_Instructions for the task_
Leave the images aside and repeat the whole listing exactly.

_Information supplied_
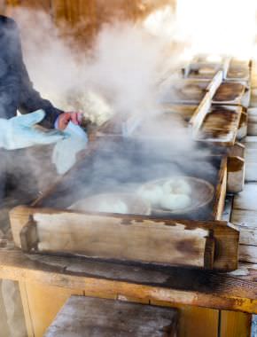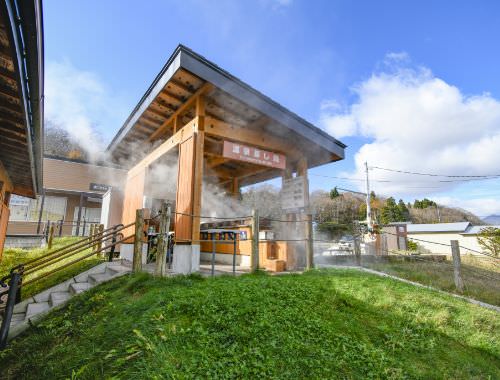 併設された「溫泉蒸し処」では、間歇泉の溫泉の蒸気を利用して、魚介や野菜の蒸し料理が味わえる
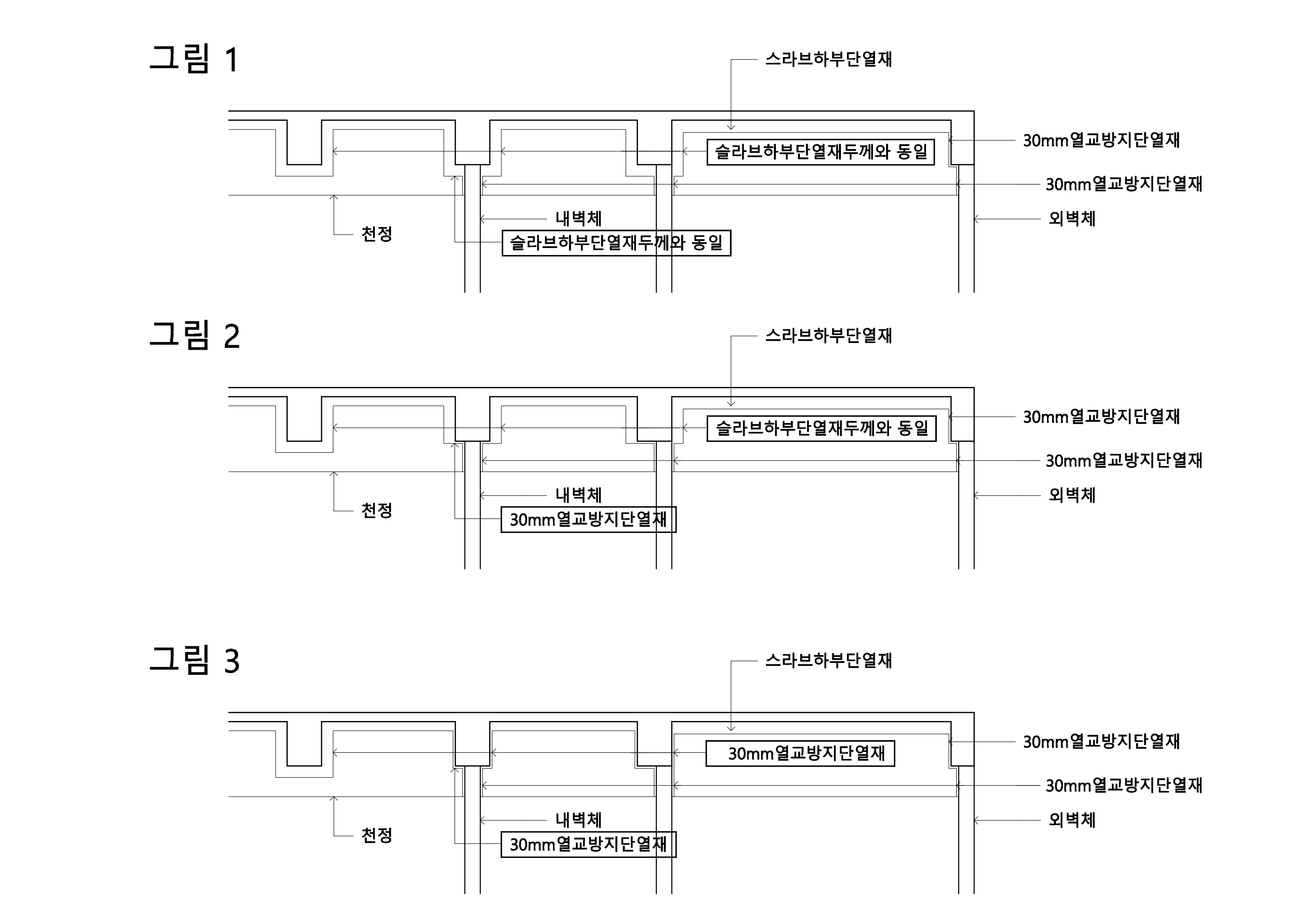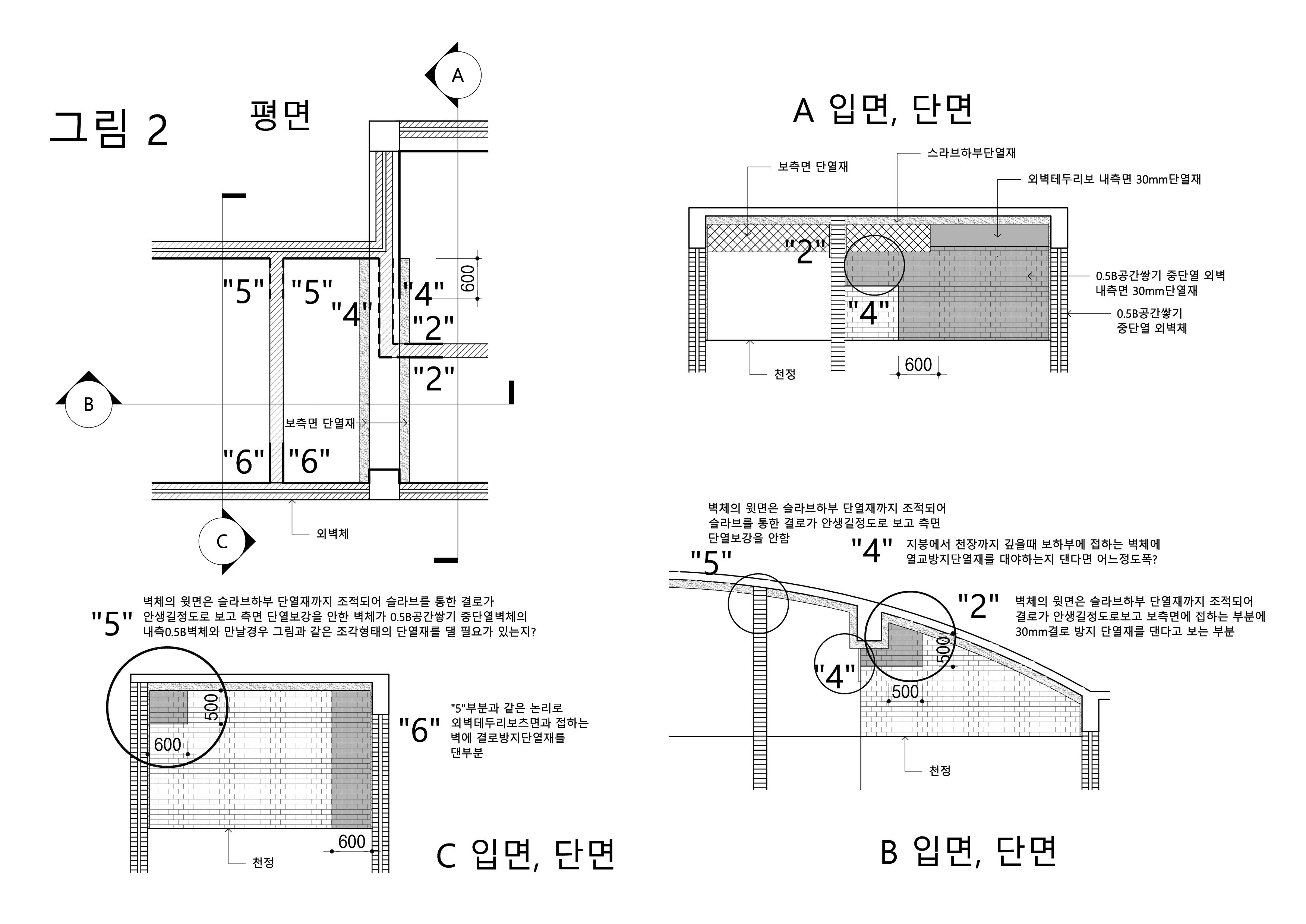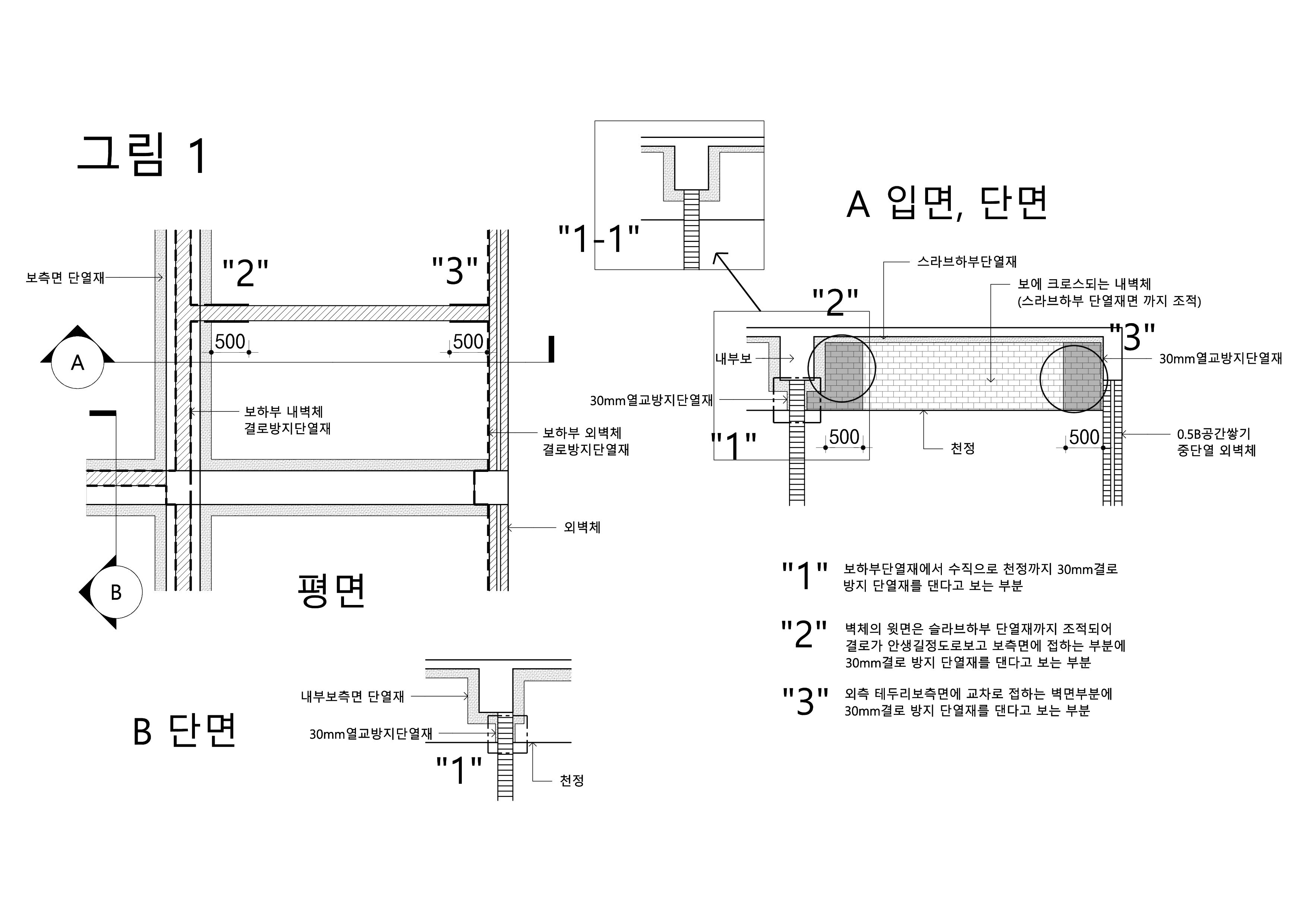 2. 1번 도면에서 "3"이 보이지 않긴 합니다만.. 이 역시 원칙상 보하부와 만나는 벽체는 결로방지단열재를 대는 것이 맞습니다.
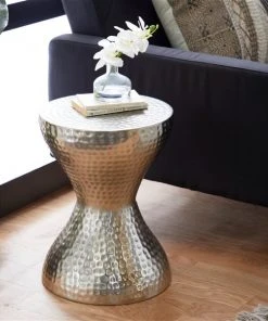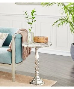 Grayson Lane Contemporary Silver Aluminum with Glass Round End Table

_Exercise output_
 併設された「溫泉蒸し処」では、間歇泉の溫泉の蒸気を利用して、魚介や野菜の蒸し料理が味わえる
 2. 1번 도면에서 "3"이 보이지 않긴 합니다만.. 이 역시 원칙상 보하부와 만나는 벽체는 결로방지단열재를 대는 것이 맞습니다.
 Grayson Lane Contemporary Silver Aluminum with Glass Round End Table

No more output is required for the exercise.